Seen and Seeing

Seen and Seeing

Seen and Seeing

Bob Stillerman
Easter Sunday, 4/17/2022
Luke 24:1-12

Seen and Seeing Luke 24.1-12 4-17-2022

Two women, Mary and Elizabeth are unlikely mothers. One too young, one too old, both scandalized unjustly by stubborn traditions. Nonetheless, their love, integrity, creativity, and joy rub off on their more famous sons.

Two sisters, Mary and Martha, play host. One is more tactical, the other has the gift of presence. Thank God for both of these saints. They are creators of safe space. There are others like them, Mary Magdalene, Joanna, and Susannah to name a few.

A prophetess named Anna recognizes the nature of Jesus at his dedication; an unnamed woman, the Pharisees call her a sinner, bathes Jesus’ feet with tears and fine oil; another unnamed woman, known only as a widow, demonstrates generosity in the giving of a coin (most likely her only coin) for the Temple offering; an old woman, we don’t know her name either, rejoices in finding a lost coin by throwing a party for her neighbors.

The women of Luke live in a world that seeks to make them invisible in matters of theology, and politics, and economics, and other venues of power. But they have not been, nor will they ever be invisible.

In the person of Jesus, countless women meet someone who finally…really, truly, sees them. Jesus sees them as God’s beloved and created. Jesus sees them as talented, and strong, and capable, and smart, AND most importantly, as disciples. And Jesus knows their names, speaks their names, loves their names, respects their names, gives thanks for their names.

Therefore, it should not be a surprise that it’s the women, Mary Magdalene, and Mary the mother of James, and Mary the mother of Jesus, and Joanna, and others who stay by Jesus’ side through the events of a dark Friday, and keep vigil throughout an excruciating Saturday, and come ready to prepare the body early on a Sunday morning.

Here’s the thing. I think the more famous male disciples knew something of marginalization, but their something was only a sliver of what their female counterparts experienced. Peter, and James, and John, and the others were imagining a reversal of fortune. At the side of Jesus, they would be powerful, and it was this power that would bring a sense of fulfillment. Theirs was kingdom all too familiar to the ones we’ve known throughout history. When Jesus is arrested, and ultimately killed, the men are devastated, bewildered, and shaken beyond stupor. Rome’s power is too much, even for faith. And what kind of kingdom can survive a crucifixion?
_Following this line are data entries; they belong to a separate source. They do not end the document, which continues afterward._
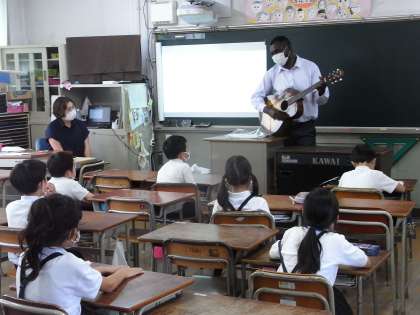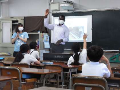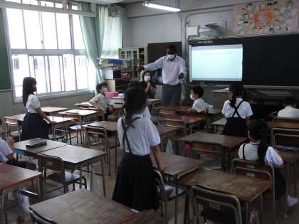 3年生は、外国語活動の授業を担当してくださるC−NETのことについて、コミュニケーションしながら教えてもらいました。出身国はカメルーン、趣味は読書とギターを弾くことだそうです。1年間、楽しみですね。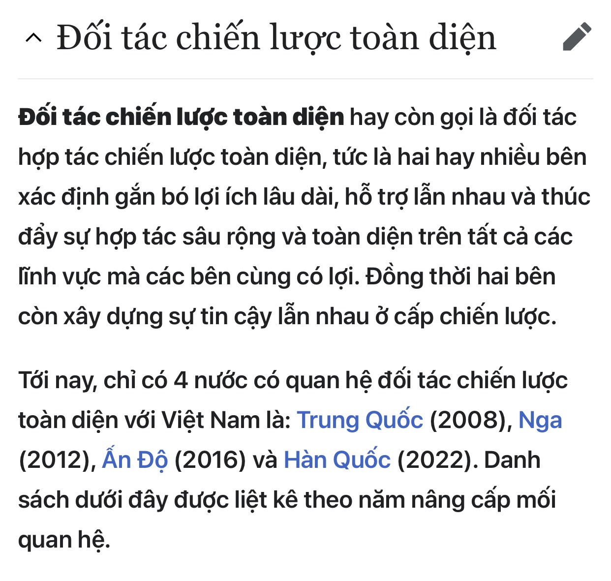 Quan hệ Đối tác chiến lược toàn diện?​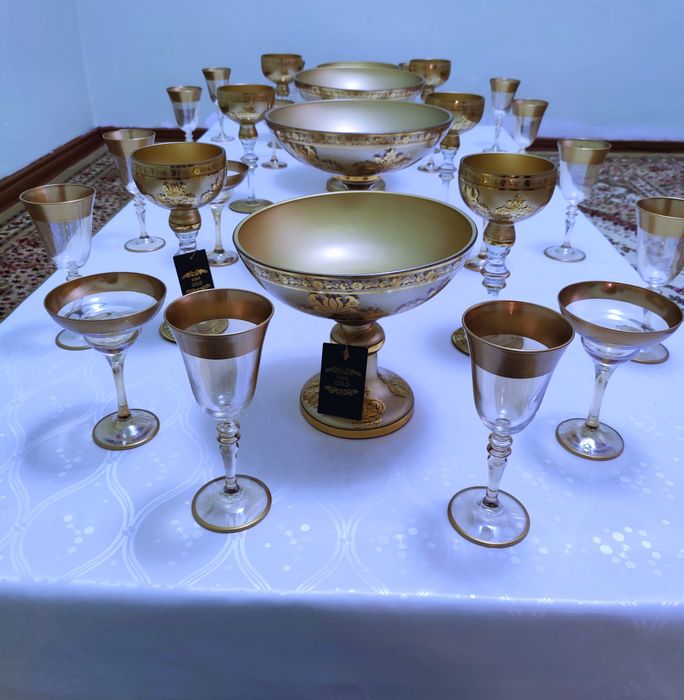 "Eksklyuziv: 12 kishilik tilla naqshli Bagema vazalar to'plami"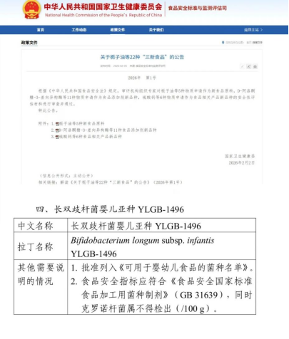 2月5日,国家卫生健康委员会发布公告,正式批准长双歧杆菌婴儿亚种YLGB-1496列入《可用于婴幼儿食品的菌种名单》,标志着YLGB-1496的安全性与功效性经过严格的科学评估和临床验证,将为中国婴幼儿的健康成长提供更加安全、专业、优质的益生菌选择。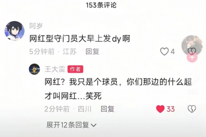 該網(wǎng)友評論:“守門員大早上發(fā)dy啊”。王大雷隨后回復:“網(wǎng)紅?我只是個球員,你們那邊的什么超才叫網(wǎng)紅...笑死”。
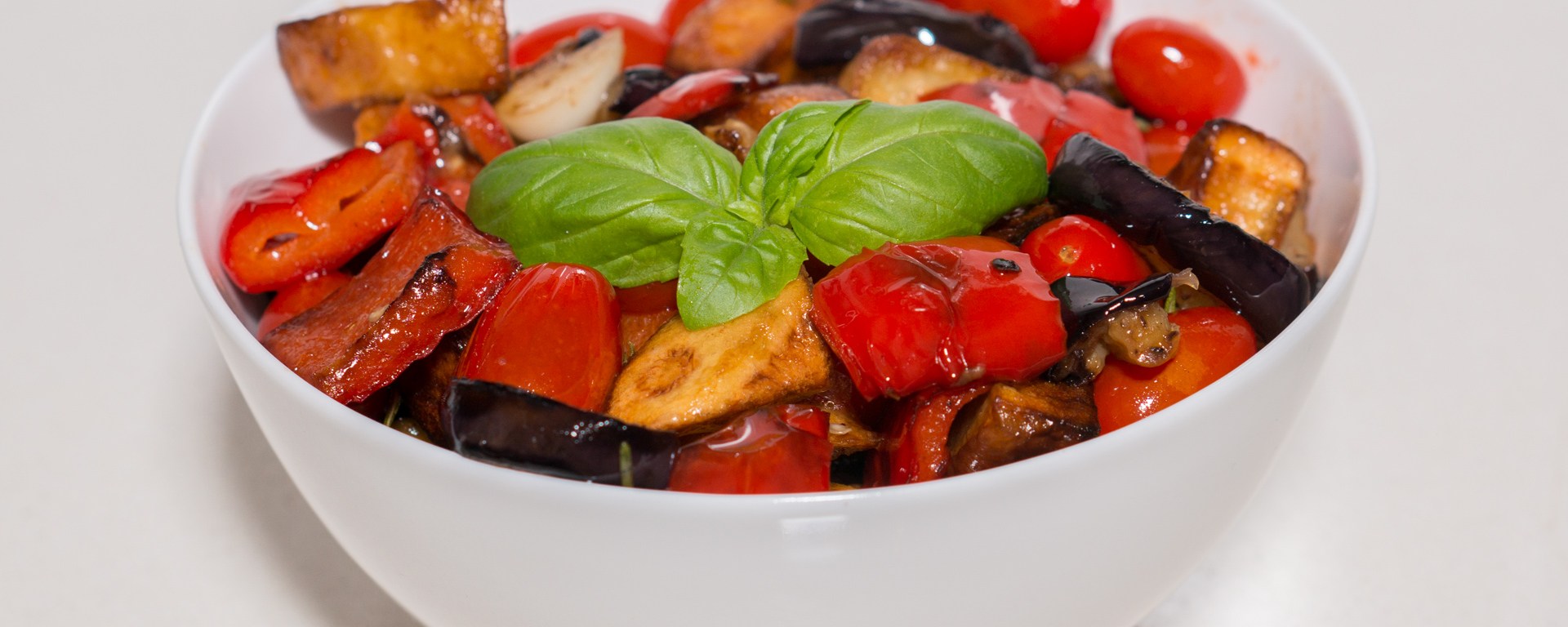 Cilento is an area in the south of Campania, and when I was there I enjoyed a dish called Ciambotta alla Cilentana. There are many versions of ciambotta, but here it is potatoes, eggplant, bell peppers, and tomatoes. It reminded me a lot of the French ratatouille (which usually does not have potatoes and would include zucchini), and ratatouille is usually cooked to a softer consistency.

But the women who followed Jesus had a different, more grounded set of expectations. I don’t think they cared about acknowledgement or visibility in Rome, or in some future state, because they had finally found it in its most authentic sense. They didn’t give two hoots about kingdoms, because they had found kin-dom. The men who followed Jesus listened to parables about the kingdom of God. The women who followed Jesus were living it in the present. And these brave, remarkable women had no intention to go back to pre-kin-dom living.

I think their actions on Sunday morning show just that. What happens in the Kingdom of God? People love one another, care for one another, are mindful, and intentional, and reflective about why their neighbors matter. They are present for one another. They show up to funerals, and make casseroles, and volunteer to help with arrangements, because that’s all they can do, and all they can do is enough.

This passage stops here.